先天性の病で生まれた時から耳が聞こえず、生後間もなく目の病気で視力も完全に失ったマイヤーズは、2012年ロンドン大会で銀と銅メダルを獲得し、16年リオデジャネイロ大会では3つの金メダルと銀メダル1つを手にしている。

東京大会でも代表に選ばれていたが、東京への移動や五輪施設内での介助が必要なため母親とパーソナルアシスタントの同行を求めていたものの介助者の入国は認められないと伝えられたことで欠場することを代表チームに伝えたという。

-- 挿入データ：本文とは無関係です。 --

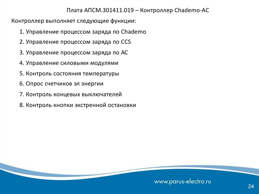 Плата АПСМ.301411.019 – Контроллер Chademo-ACКонтроллер выполняет следующие функции:
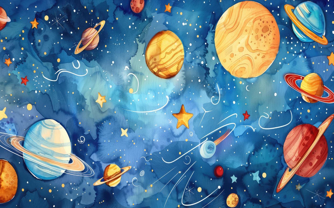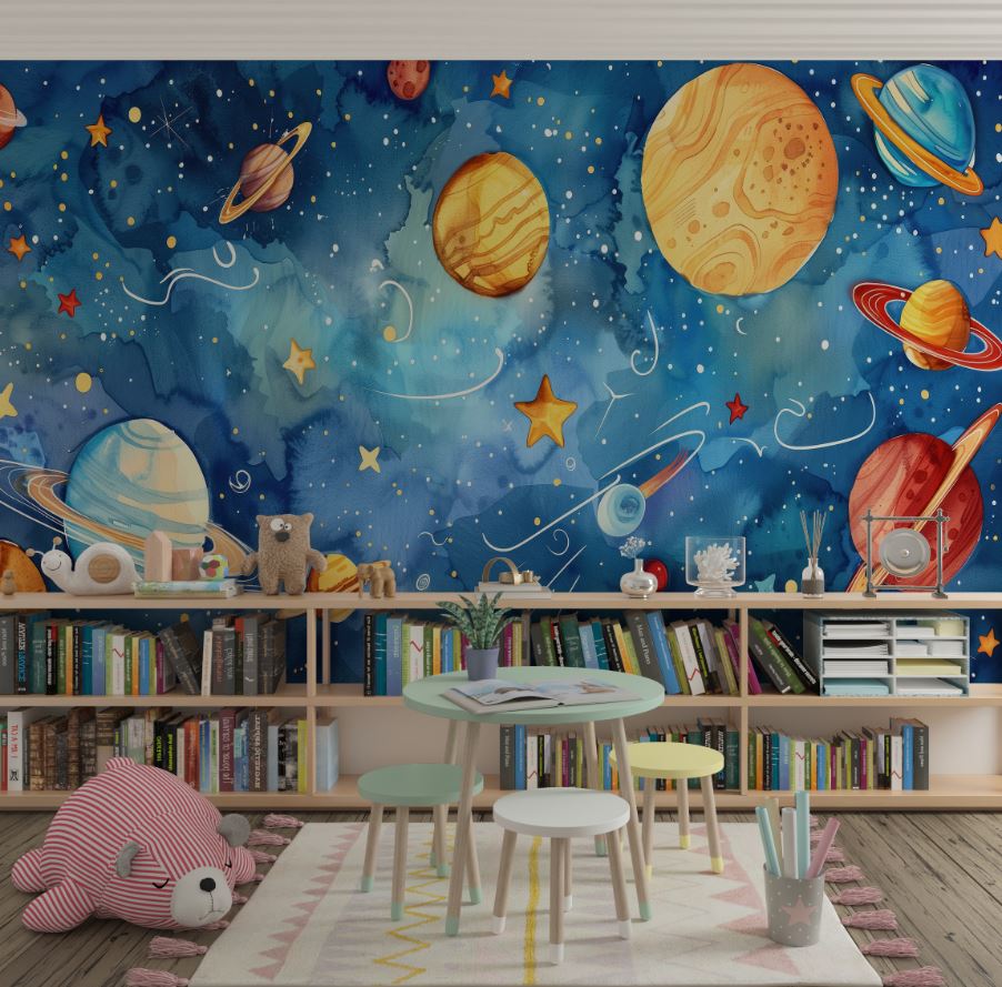 • Mavi Galaksi ve Renkli Gezegenler Çocuk Odası Duvar Kağıdı 3 boyutlu şekilde satın alın!
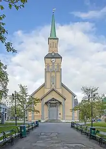 ![]() View of Tromsø Cathedral as seen from Kirkeparken | |
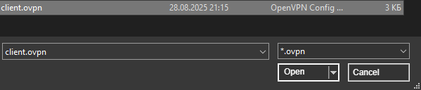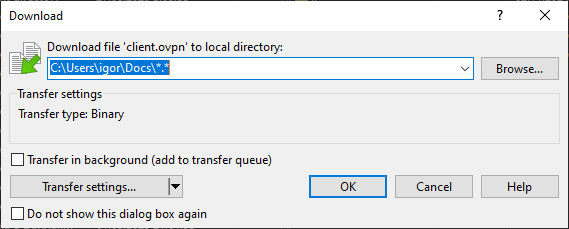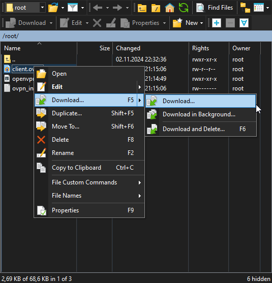 After connection, click on the client.ovpn file and press F5, or right-click on it and download it with the "get" button:

マイヤーズの父親によると、米オリンピック・パラリンピック委員会(USOPC)は主催者と日本政府がコロナによる規制のために入国できる人数を厳密に制限しているため、個々の選手の介助者の同行は認められていないと説明していたというが、調べたところ実際にはUSOPCが同行者リストにマイヤーズの介助者を入れることを阻止していたと批判している。

USOPCは水泳代表チーム34人に対して1人の介助者を同行し、コーチ6人も必要な介助の手伝いをすると説明している。

マイヤーズは同紙の取材で、「東京に行きたかった。水泳は私に人としてのアイデンティティーを与えてくれました。出場できないことは私にとって非常に困難なことです。変化をもたらすためにも、(この問題を)伝える必要があると思いました」とコメント。「これはパラリンピックです。私たちはすべての人の障がいを祝うべきです。私たちは社会のバリアーを打ち破り、あらゆる可能性に挑んでいます。これが私たちの扱い方ですか? チームの厄介者のようにしますか?」と対応を批判している。(ロサンゼルス=千歳香奈子)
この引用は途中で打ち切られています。